A nice treat for breakfast in bed, at home, on your day off ~ with that someone special. Definitely not something I would recommend, packed in your Delsey! ;-)
Sweet~Black Forest Omelette
2 free range, organic, eggs
1 heaped dessert spoon of fresh desiccated coconut
1 teaspoon of milled organic flaxseed, sunflower and pumpkin seeds
1 dash of coconut nectar to taste
1 pinch of cinnamon
1 heaped tsp of sifted cacao powder
1 heaped dessert spoon of organic Greek style goats milk yoghurt or Co Yo (today I used organic vanilla flavoured cows milk yoghurt, as I didn’t have to resources to go with the recommended products)
1/3 cup of frozen organic Black Forest berries
1 tablespoon of water
1 tsp coconut butter
Putting it together
Place the berries in a small saucepan with a dash of water and heat over medium heat until defrosted.

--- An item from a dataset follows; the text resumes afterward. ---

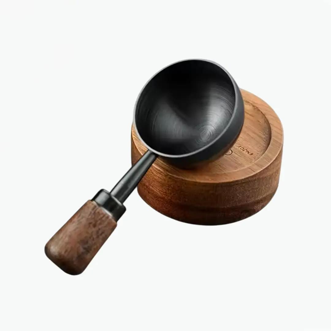 Designed for baristas and home coffee enthusiasts alike, this measuring spoon provides consistent portioning, improving the taste and balance of your beverages. Its elegant walnut handle not only adds style but also ensures a comfortable grip during use.
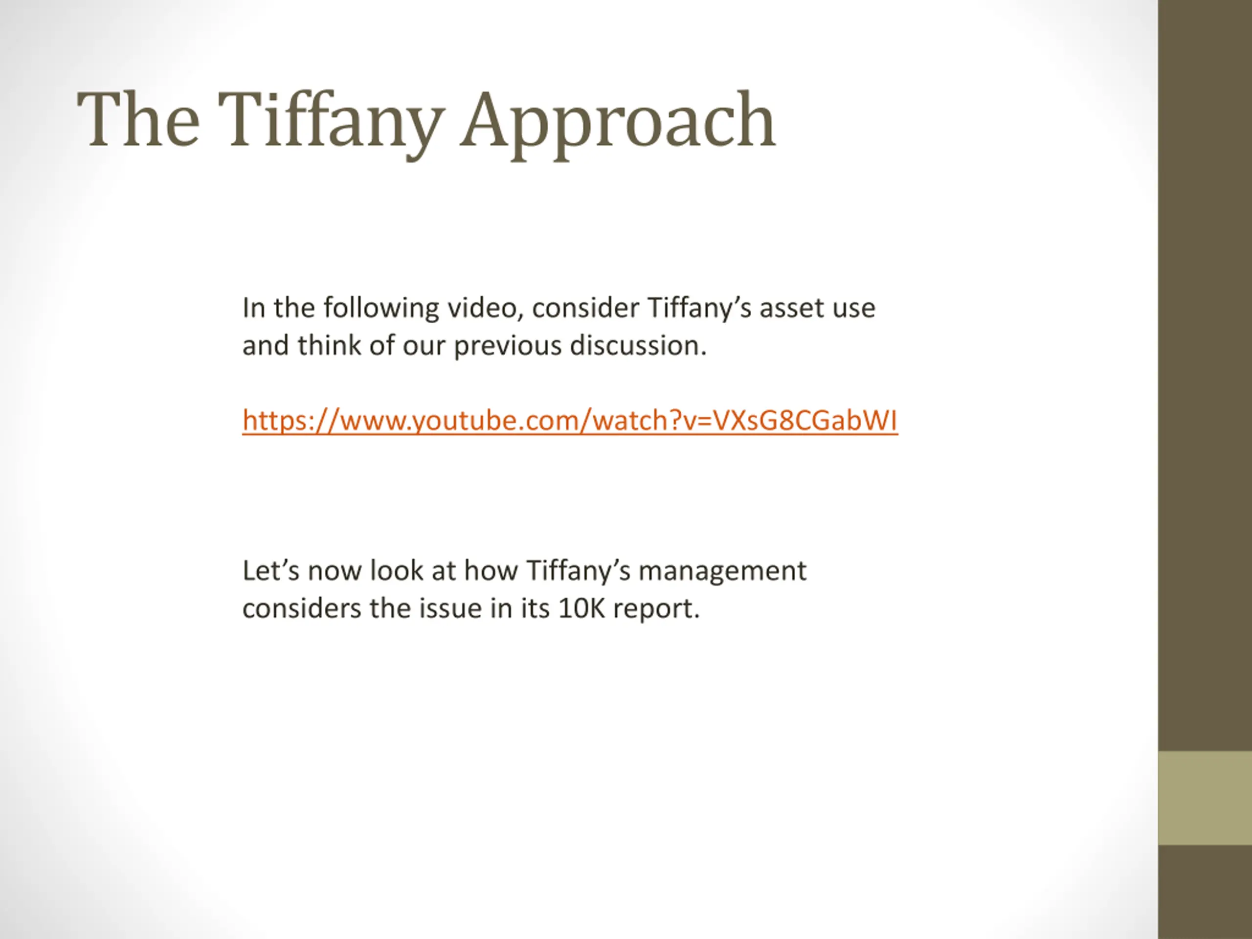The Tiffany Approach In the following video, consider Tiffany s asset use and think of our previous discussion. https://www.youtube.com/watch?v=VXsG8CGabWI Let s now look at how Tiffany s management considers the issue in its 10K report.

Lightly beat eggs with water in a small bowl.
Gently stir in the cinnamon, cacao, coconut, nectar and milled flaxseed, sunflower and pumpkin seed mix.
Once the eggs are ready, heat the coconut oil in a non-stick fry pan over a high heat.
Pour the mixture in and tilt pan so eggs cover base.
Cook for two minutes or until the mixture just begins to set.
Separate the berries from the liquid and place the berries in an even layer on top of the egg mixture.
Continue to cook over a medium heat until omelette has set.
Drizzle over yoghurt and fold omelette in half and serve onto plate immediately.
Garnish with a dollop of yoghurt, leftover berry juice and a sprig of fresh mint.
Grab a fork and dig in!
The vanilla flavoured yoghurt actually complemented this quite nicely. You could almost call it a breakfast dessert, although without all the highly processed sugar and crapola!
Low fat normally means chemical shit storm and extra sugar. This wouldn’t be my first choice as far as yoghurt goes and I would definitely recommend a full fat option as a preference. Today I had to go with the best choice available.